==== RECORD SET
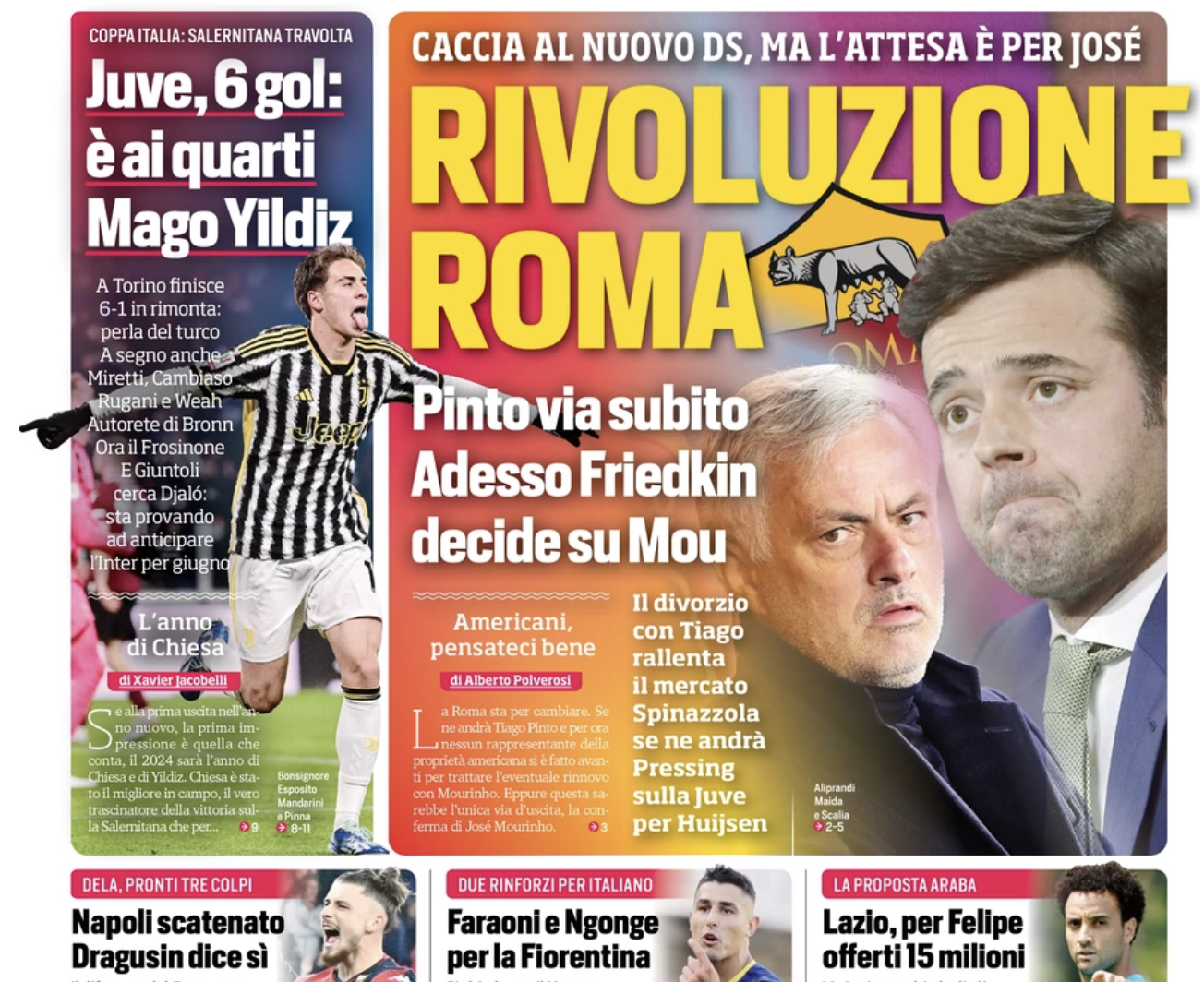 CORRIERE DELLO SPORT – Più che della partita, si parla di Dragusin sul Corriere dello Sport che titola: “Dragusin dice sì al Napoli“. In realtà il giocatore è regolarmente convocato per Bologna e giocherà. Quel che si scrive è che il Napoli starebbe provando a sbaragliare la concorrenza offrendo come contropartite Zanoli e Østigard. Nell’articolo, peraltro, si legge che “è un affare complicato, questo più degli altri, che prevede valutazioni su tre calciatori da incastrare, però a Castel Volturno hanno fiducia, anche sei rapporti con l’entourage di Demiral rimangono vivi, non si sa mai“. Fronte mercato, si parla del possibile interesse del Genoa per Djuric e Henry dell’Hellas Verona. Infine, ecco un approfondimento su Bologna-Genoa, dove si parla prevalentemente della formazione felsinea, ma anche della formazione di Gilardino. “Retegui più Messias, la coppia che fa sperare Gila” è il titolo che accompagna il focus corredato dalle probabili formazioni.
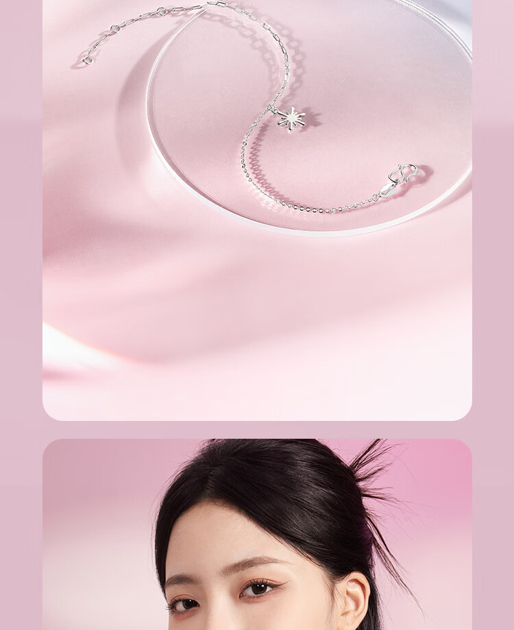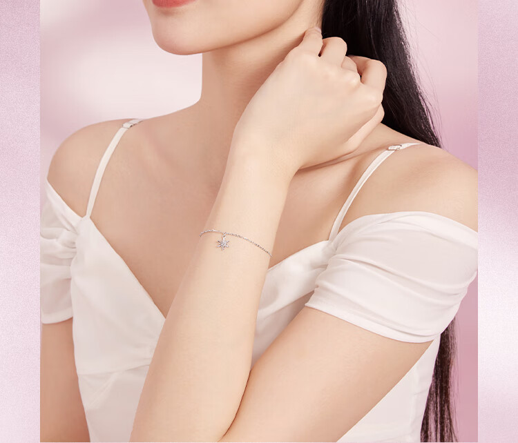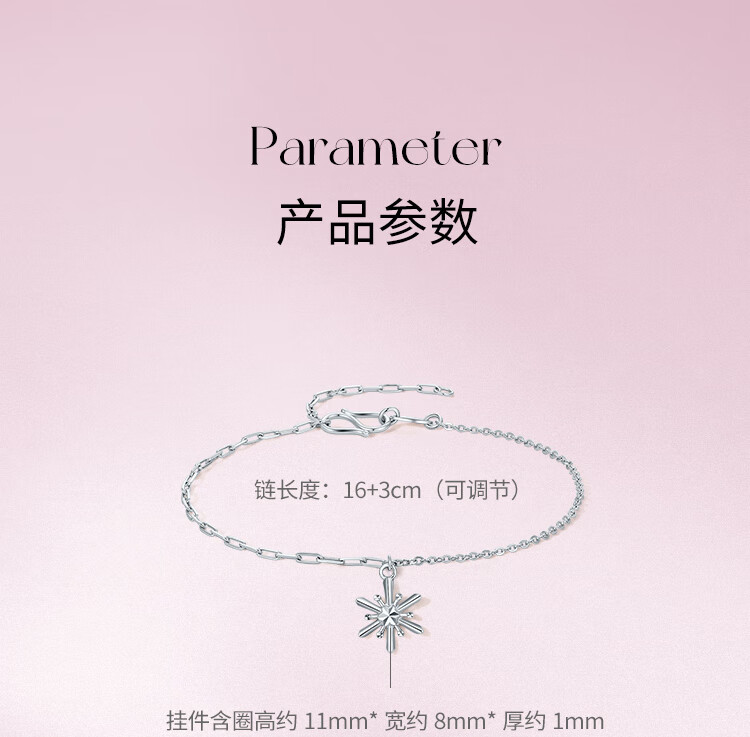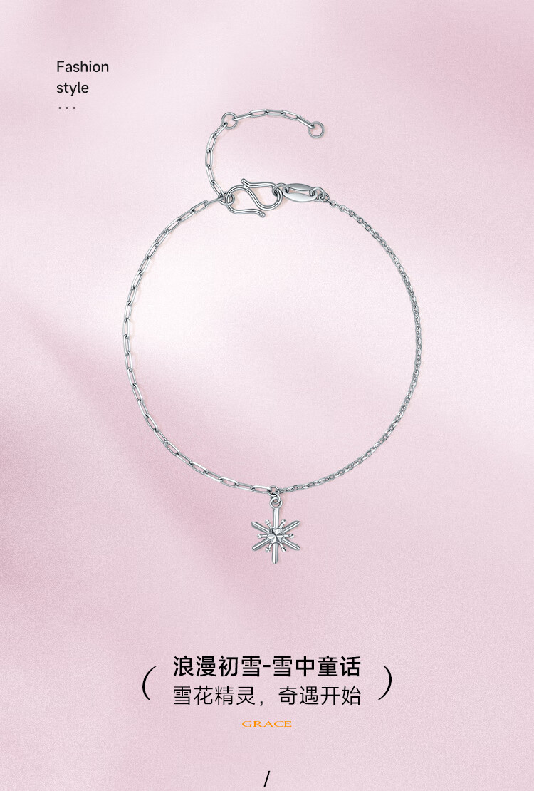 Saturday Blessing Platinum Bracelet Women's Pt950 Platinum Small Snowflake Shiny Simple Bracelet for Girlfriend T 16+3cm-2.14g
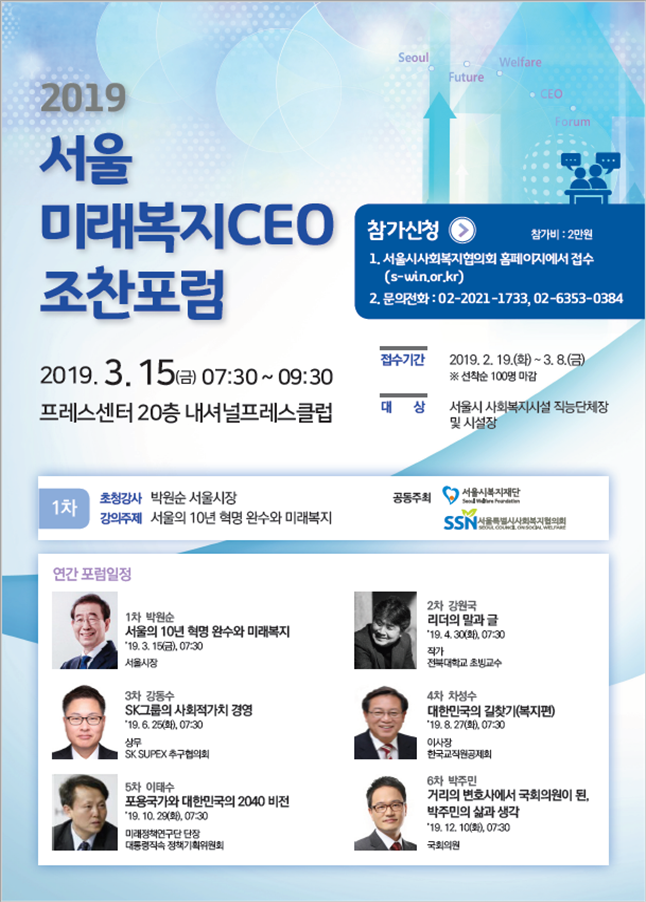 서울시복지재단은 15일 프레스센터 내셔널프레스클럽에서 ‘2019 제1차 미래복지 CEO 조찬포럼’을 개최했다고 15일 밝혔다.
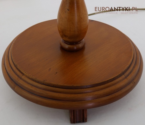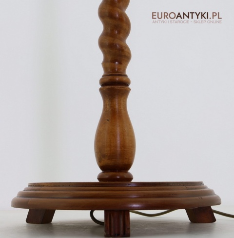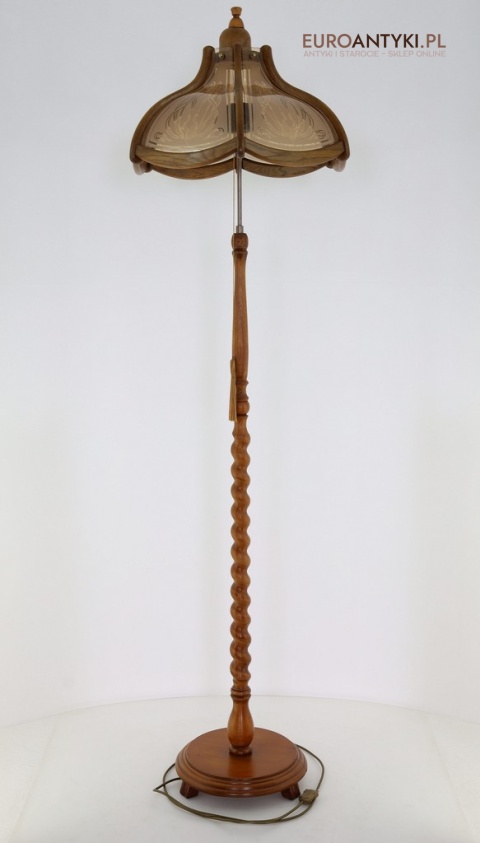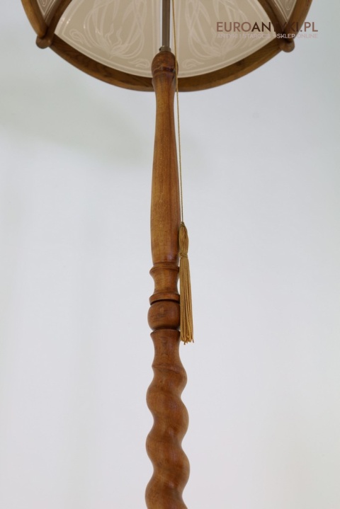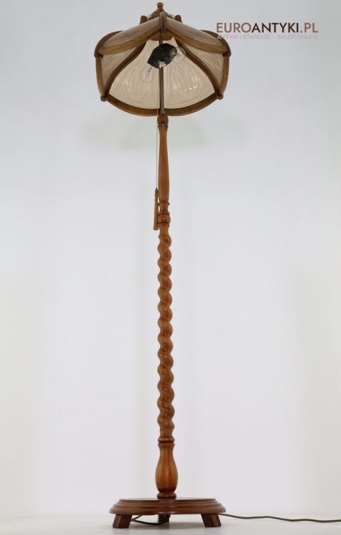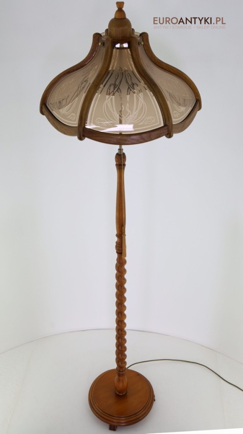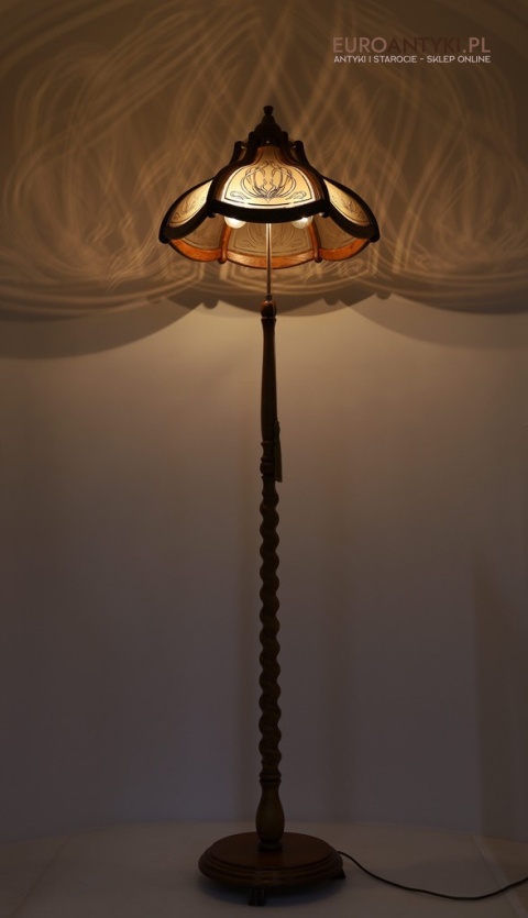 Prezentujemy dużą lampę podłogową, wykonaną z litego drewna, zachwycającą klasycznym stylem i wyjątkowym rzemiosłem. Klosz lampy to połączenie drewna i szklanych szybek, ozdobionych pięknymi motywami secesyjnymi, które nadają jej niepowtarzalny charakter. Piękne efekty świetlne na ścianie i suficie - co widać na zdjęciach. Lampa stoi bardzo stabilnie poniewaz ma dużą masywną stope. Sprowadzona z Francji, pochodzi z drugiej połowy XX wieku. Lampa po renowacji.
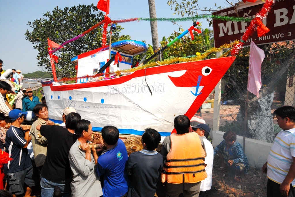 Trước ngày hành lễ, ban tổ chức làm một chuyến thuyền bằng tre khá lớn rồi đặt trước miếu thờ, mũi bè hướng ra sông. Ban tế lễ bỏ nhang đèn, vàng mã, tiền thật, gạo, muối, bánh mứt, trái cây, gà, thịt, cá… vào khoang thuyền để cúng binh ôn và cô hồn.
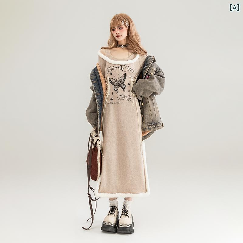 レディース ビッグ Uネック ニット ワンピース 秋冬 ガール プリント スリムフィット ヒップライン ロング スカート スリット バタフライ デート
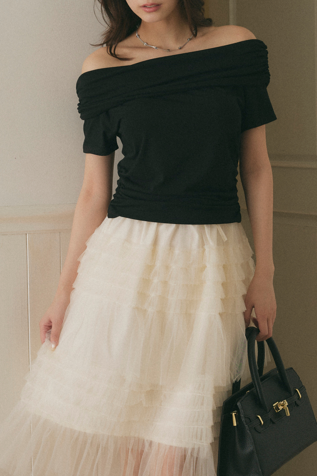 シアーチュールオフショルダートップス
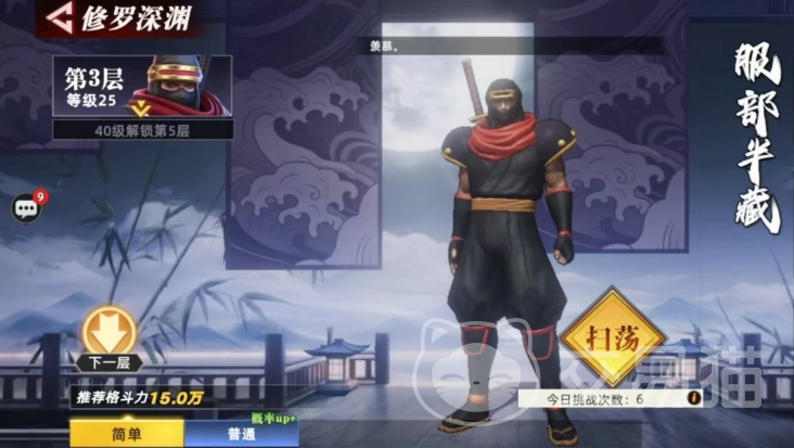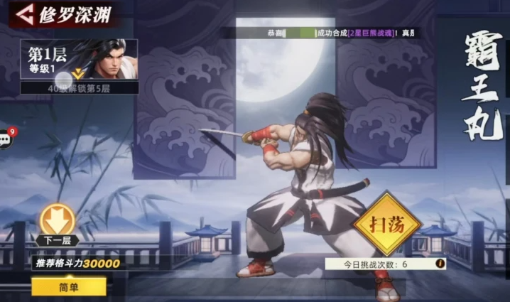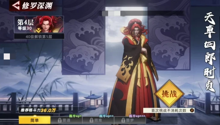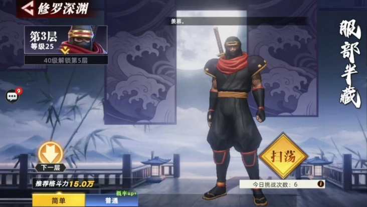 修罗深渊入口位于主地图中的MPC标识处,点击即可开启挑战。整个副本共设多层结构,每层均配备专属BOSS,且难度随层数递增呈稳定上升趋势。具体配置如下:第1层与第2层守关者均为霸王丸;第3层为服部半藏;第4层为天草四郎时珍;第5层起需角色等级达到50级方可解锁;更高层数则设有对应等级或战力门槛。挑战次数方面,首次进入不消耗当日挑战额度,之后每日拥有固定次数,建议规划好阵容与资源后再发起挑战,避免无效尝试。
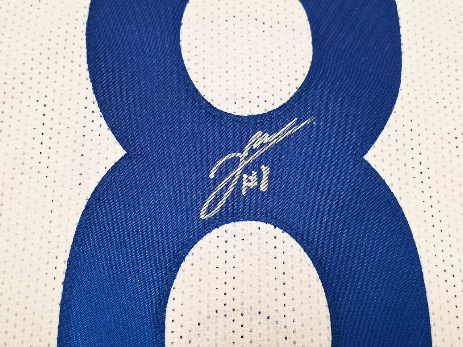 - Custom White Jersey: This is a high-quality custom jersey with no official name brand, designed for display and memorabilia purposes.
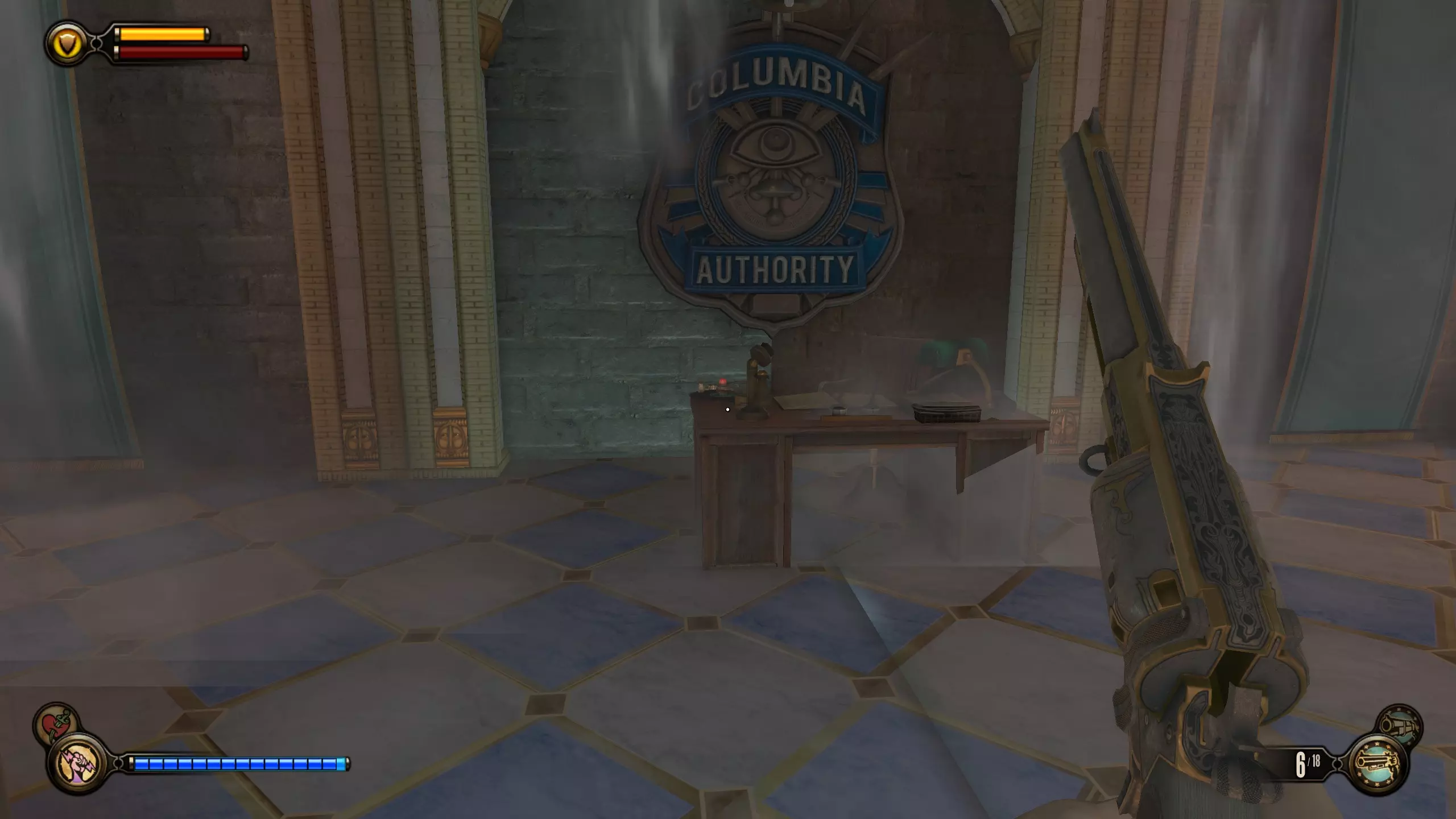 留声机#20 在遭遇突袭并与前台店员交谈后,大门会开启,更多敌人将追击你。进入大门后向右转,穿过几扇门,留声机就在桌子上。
========
• EXERCISE DESCRIPTION: Please retype the records above exactly, but leave out any pictures.

• SOLUTION TO THIS TASK:
 CORRIERE DELLO SPORT – Più che della partita, si parla di Dragusin sul Corriere dello Sport che titola: “Dragusin dice sì al Napoli“. In realtà il giocatore è regolarmente convocato per Bologna e giocherà. Quel che si scrive è che il Napoli starebbe provando a sbaragliare la concorrenza offrendo come contropartite Zanoli e Østigard. Nell’articolo, peraltro, si legge che “è un affare complicato, questo più degli altri, che prevede valutazioni su tre calciatori da incastrare, però a Castel Volturno hanno fiducia, anche sei rapporti con l’entourage di Demiral rimangono vivi, non si sa mai“. Fronte mercato, si parla del possibile interesse del Genoa per Djuric e Henry dell’Hellas Verona. Infine, ecco un approfondimento su Bologna-Genoa, dove si parla prevalentemente della formazione felsinea, ma anche della formazione di Gilardino. “Retegui più Messias, la coppia che fa sperare Gila” è il titolo che accompagna il focus corredato dalle probabili formazioni.
 Saturday Blessing Platinum Bracelet Women's Pt950 Platinum Small Snowflake Shiny Simple Bracelet for Girlfriend T 16+3cm-2.14g
 서울시복지재단은 15일 프레스센터 내셔널프레스클럽에서 ‘2019 제1차 미래복지 CEO 조찬포럼’을 개최했다고 15일 밝혔다.
 Prezentujemy dużą lampę podłogową, wykonaną z litego drewna, zachwycającą klasycznym stylem i wyjątkowym rzemiosłem. Klosz lampy to połączenie drewna i szklanych szybek, ozdobionych pięknymi motywami secesyjnymi, które nadają jej niepowtarzalny charakter. Piękne efekty świetlne na ścianie i suficie - co widać na zdjęciach. Lampa stoi bardzo stabilnie poniewaz ma dużą masywną stope. Sprowadzona z Francji, pochodzi z drugiej połowy XX wieku. Lampa po renowacji.
 Trước ngày hành lễ, ban tổ chức làm một chuyến thuyền bằng tre khá lớn rồi đặt trước miếu thờ, mũi bè hướng ra sông. Ban tế lễ bỏ nhang đèn, vàng mã, tiền thật, gạo, muối, bánh mứt, trái cây, gà, thịt, cá… vào khoang thuyền để cúng binh ôn và cô hồn.
 レディース ビッグ Uネック ニット ワンピース 秋冬 ガール プリント スリムフィット ヒップライン ロング スカート スリット バタフライ デート
 シアーチュールオフショルダートップス
 修罗深渊入口位于主地图中的MPC标识处,点击即可开启挑战。整个副本共设多层结构,每层均配备专属BOSS,且难度随层数递增呈稳定上升趋势。具体配置如下:第1层与第2层守关者均为霸王丸;第3层为服部半藏;第4层为天草四郎时珍;第5层起需角色等级达到50级方可解锁;更高层数则设有对应等级或战力门槛。挑战次数方面,首次进入不消耗当日挑战额度,之后每日拥有固定次数,建议规划好阵容与资源后再发起挑战,避免无效尝试。
 - Custom White Jersey: This is a high-quality custom jersey with no official name brand, designed for display and memorabilia purposes.
 留声机#20 在遭遇突袭并与前台店员交谈后,大门会开启,更多敌人将追击你。进入大门后向右转,穿过几扇门,留声机就在桌子上。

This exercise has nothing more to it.